Der Müll wird jedoch weiterhin abgeholt. Sogar angemeldeter Sperrmüll darf bereitgestellt werden.

Beruhigende Nachrichten: Zwar werden Wertstoffhöfe geschlossen. Der Müll jeglicher Art wird aber weiterhin zu den genannten Zeiten abgeholt.
Beruhigende Nachrichten: Zwar werden Wertstoffhöfe geschlossen. Der Müll jeglicher Art wird aber weiterhin zu den genannten Zeiten abgeholt. ©  Foto: Sebastian Schultz

Landkreis. Beruhigende Nachrichten gibt es dieser Tage vom Zweckverband Abfallwirtschaft Oberes Elbtal (ZAOE).

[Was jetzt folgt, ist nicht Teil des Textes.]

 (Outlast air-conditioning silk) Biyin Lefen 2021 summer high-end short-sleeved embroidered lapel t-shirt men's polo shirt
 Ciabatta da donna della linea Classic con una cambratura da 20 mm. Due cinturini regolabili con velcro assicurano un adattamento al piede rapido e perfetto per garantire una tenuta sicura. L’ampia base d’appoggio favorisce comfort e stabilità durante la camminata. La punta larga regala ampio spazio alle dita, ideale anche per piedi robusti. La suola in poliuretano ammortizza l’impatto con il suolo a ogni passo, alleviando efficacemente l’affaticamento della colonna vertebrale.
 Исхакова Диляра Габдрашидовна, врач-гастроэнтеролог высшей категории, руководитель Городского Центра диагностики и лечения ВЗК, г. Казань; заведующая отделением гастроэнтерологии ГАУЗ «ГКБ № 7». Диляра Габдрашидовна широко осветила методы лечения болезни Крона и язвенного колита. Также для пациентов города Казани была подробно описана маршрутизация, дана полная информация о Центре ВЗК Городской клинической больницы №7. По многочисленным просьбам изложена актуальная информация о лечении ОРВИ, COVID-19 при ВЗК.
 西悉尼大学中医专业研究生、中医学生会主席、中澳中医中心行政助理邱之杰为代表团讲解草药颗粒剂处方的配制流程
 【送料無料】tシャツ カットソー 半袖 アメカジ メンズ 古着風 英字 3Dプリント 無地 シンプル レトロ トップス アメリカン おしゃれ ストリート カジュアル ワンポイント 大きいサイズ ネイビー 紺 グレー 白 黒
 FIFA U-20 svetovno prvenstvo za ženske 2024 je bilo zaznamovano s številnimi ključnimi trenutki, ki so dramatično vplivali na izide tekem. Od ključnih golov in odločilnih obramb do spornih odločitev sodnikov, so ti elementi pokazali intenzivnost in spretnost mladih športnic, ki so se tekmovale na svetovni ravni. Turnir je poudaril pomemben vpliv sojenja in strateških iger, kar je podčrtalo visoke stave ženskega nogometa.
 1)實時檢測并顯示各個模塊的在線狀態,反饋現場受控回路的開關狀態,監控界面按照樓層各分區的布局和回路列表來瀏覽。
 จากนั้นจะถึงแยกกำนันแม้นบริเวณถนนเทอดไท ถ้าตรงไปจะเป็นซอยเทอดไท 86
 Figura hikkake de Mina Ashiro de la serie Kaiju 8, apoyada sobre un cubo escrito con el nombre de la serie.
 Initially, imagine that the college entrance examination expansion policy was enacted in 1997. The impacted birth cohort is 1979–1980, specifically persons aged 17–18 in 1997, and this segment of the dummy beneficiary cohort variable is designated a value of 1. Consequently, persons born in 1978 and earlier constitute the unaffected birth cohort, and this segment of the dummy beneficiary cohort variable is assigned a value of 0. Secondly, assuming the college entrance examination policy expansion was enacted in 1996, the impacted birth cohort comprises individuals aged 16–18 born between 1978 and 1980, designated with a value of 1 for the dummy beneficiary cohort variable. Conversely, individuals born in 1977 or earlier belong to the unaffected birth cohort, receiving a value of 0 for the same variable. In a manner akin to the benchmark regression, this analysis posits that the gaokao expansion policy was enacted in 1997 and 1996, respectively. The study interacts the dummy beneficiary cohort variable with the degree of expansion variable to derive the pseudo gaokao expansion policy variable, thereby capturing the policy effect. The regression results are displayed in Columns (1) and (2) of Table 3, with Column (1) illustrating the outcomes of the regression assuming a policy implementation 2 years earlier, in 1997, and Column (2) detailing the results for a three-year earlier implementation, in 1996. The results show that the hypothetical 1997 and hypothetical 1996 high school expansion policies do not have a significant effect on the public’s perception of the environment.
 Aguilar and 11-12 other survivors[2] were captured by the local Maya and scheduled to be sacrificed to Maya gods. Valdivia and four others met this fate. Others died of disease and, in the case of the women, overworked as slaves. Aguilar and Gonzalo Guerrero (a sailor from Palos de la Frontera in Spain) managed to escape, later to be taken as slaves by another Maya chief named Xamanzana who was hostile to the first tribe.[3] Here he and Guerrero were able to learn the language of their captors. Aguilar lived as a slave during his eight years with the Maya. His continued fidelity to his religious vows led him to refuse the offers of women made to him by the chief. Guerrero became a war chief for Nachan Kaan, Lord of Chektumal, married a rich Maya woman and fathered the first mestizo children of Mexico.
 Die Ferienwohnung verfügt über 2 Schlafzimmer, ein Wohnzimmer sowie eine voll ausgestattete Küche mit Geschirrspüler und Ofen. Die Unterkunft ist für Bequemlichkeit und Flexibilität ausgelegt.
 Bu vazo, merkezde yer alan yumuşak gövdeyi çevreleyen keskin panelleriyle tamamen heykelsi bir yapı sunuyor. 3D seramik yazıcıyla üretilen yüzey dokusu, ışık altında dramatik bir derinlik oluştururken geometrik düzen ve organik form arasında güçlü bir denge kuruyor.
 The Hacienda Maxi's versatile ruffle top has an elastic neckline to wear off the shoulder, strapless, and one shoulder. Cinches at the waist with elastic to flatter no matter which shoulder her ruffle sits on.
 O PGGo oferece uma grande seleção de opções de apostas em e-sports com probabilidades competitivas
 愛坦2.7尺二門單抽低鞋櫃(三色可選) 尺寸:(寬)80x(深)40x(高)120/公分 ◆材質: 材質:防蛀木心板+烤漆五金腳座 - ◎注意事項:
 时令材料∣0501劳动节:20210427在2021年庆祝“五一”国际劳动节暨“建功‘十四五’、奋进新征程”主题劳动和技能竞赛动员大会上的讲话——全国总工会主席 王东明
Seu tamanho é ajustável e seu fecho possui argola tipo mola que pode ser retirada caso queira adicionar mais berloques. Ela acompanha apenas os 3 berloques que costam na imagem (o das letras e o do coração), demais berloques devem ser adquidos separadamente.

Denn allen Veränderungen im täglichen Leben zum Trotz, werde auch weiterhin der Müll abgeholt. Um die öffentliche Abfuhr im Landkreis Meißen abzusichern - also das Einsammeln von Rest- und Bioabfall - habe man rechtzeitig Heimarbeitsplätze eingerichtet, um das Risiko einer Ansteckung für die Angestellten zu minimieren. 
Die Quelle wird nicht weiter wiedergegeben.